Müsilaj sorununun yaşandığı Marmara Denizi´ne dair yeni bir bilgi daha edinildi. 110 metre derinde rastlanan hidrojen sülfürün, 34 metre derinliğe kadar çıktığı görüldü.
Çınarcık Çukuru´nda ölümcül gaz oluştuğuna ilişkin tespitin ardından Marmara´dan bir kötü haber daha geldi. Deniz salyasına çözüm aramak için R/V Alemdar II araştırma gemisiyle Marmara Denizi´ne açılan İstanbul Üniversitesi Deniz Bilimleri ve İşletmeciliği Enstitüsü uzmanları, Karamürsel´de daha önce 110 metre derinde rastlanan hidrojen sülfürün, 34 metre derinliğe kadar ulaştığını gördü.
Bilimsel seferin lideri kimyasal oşinograf Prof. Dr. Nuray Çağlar, 'İzmit Körfezi´ne yabancı olmayan bu gazın 110 metrelerden şimdilerde 34 metreye kadar çıkması bizi düşündürüyor. 34 metrede litrede 2 miligram olan hidrojen sülfür 157 metreden sonra 4.5 miligrama kadar çıkıyor' dedi.
Marmara Denizi´ni etkisi altına alan deniz salyasına çözüm yollarını arayan bilim insanlarının açık denizde yaptığı son sefer, İstanbul Üniversitesi Deniz Bilimleri ve İşletmeciliği Enstitüsü tarafından Türkiye´nin en büyük ve donanımlı araştırma gemisi R/V Alemdar II ile gerçekleşti.
Benzer sonuçlar çıktı
Enstitü tarafından uzun yıllardır takip edilen 45C kodlu 1270 metre derinliğindeki Çınarcık Çukurundaki istasyonda gelişmiş oşinografik ekipmanlarla yapılan ölçümlerde canlı yaşamını yok eden hidrojen sülfür tespit edilmişti.
Milliyet gazetesinden Gökhan Karakaş´ın haberine göre seferin lideri kimyasal oşinograf Prof.
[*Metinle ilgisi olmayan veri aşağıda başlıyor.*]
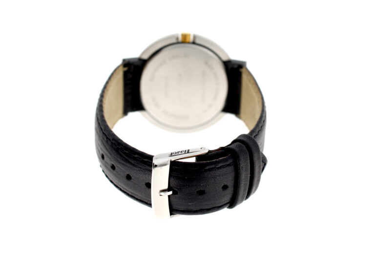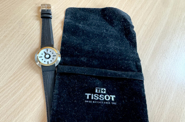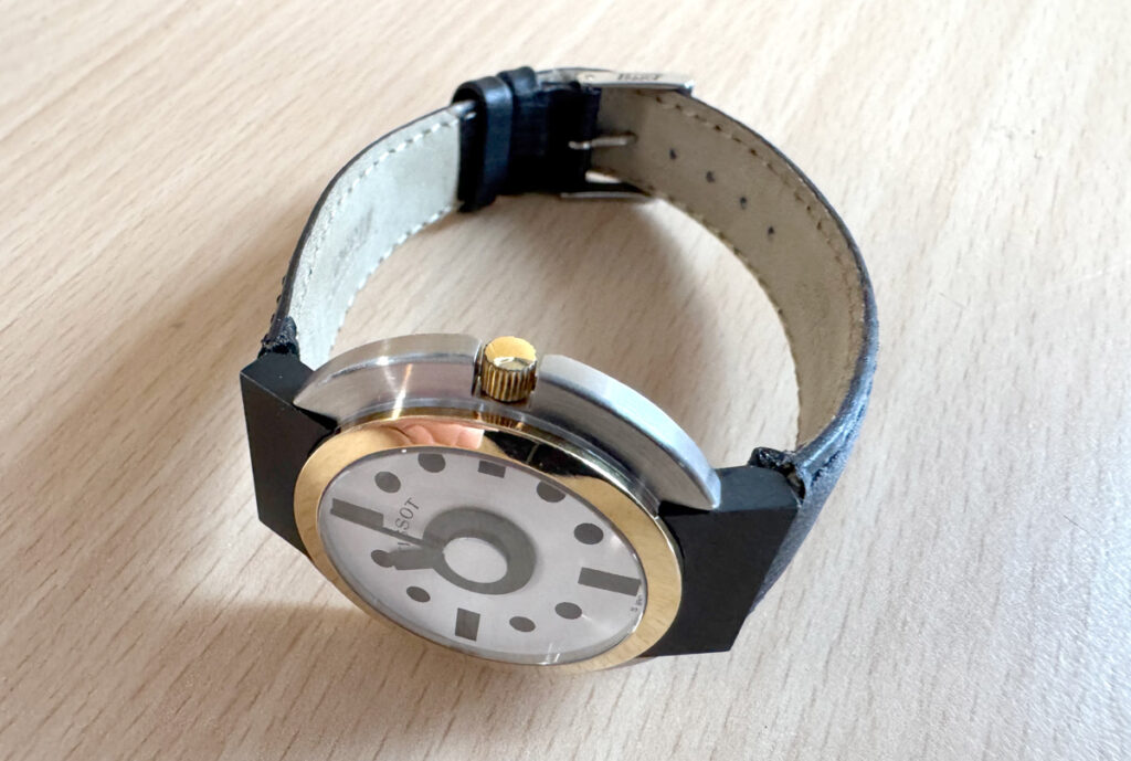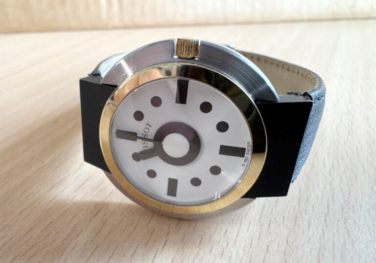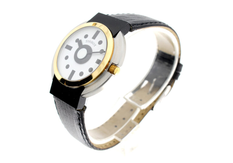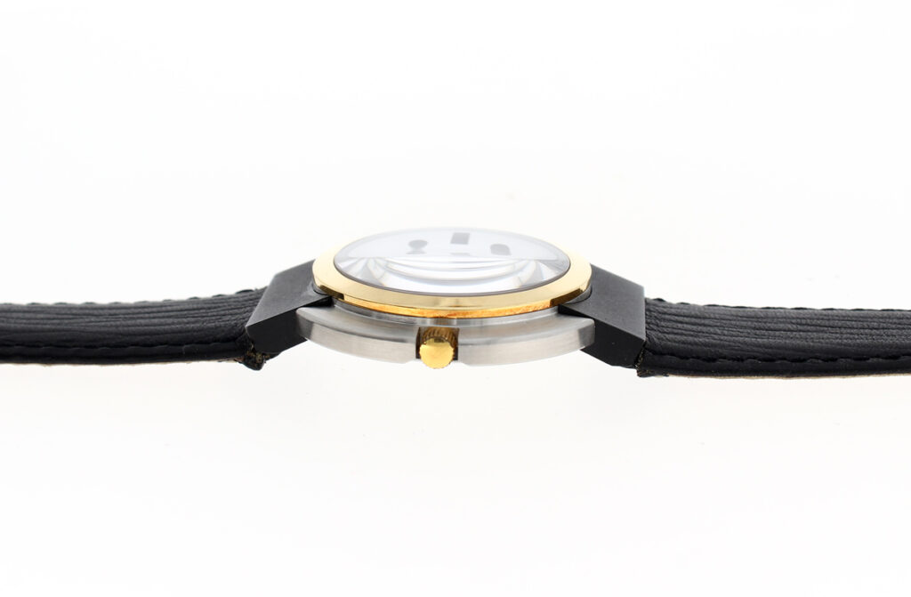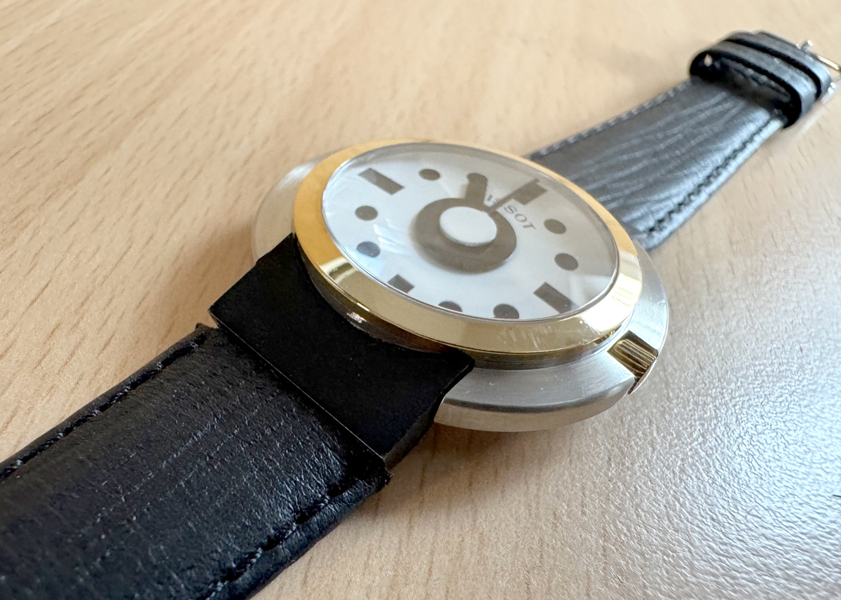 TISSOT Sottsass Armbanduhr, Edelstahlgehäuse mit goldener Lünette, ETA-Quartzwerk und originaler Dornschließe.
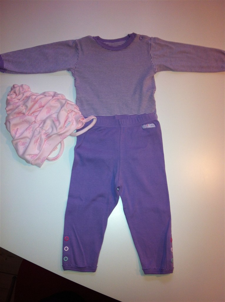 sødt sæt der er brugt få gange i str 68/74, hatten er en str 80 og er aldrig brugt..

Dr. Nuray Çağlar, iklim değişikliğinin etkilerinin de gözlendiği istasyonda hidrojen sülfürün tespit edilmesinin ardından gittikleri İzmit Körfezi´nde de benzer sonuçlar elde ettiklerini belirtti.
Prof. Dr. Çağlar, İzmit Körfezi´nin Karamürsel açıklarındaki İZ-17 isimli ölçüm istasyonunda gelişmiş cihazlarla yaptıkları araştırmalarda 34 metreden itibaren hidrojen sülfür belirlediklerini söyledi. Körfezin orta baseni olan Karamürsel açıklarındaki 150 metre derinliğe gönderilen cihazların 34 metreden sonra hidrojen sülfürü tespit ettiklerini vurguladı.
Prof. Dr. Nuray Çağlar, “Körfezde hidrojen sülfürün varlığı yeni değil. 1999 depreminin ardından 1 yıl süren çalışmalarımızda 110 metreden sonra varlığını tespit etmiş ve bilimsel makale olarak sunmuştuk. R/V Arar ile 30 istasyondan aldığımız örneklemelerle hidrojen sülfürden bahsetmiştik. İzmit Körfezi´ne yabancı olmayan bu gazın 110 metrelerden şimdilerde 34 metreye kadar çıkması bizi düşündürüyor. 34 metrede litrede 2 miligram olan hidrojen sülfür 157 metreden sonra 4.5 miligrama kadar çıkıyor” dedi.
´Bozulma hızlanacaktır´
Ölçüm istasyonunda ayrıca müsilaj tabakalarının da yüzeyden dibe doğru çökeldiğini gözlemlediklerini söyleyen Prof. Dr. Nuray Çağlar, “Organik madde yani müsilaj çözülürken sudaki çözünmüş oksijeni tüketiyor. İzmit Körfezi, Marmara denizi sularıyla yenileniyor ama hidrojen sülfür ortadan kalkmıyor. Henüz yazın başında olmamız ilerleyen süreçte bozulmanın hızlanacağını işaret ediyor. Oksijensizlik artabilir hatta kalıcı olabilir” uyarısını yaptı.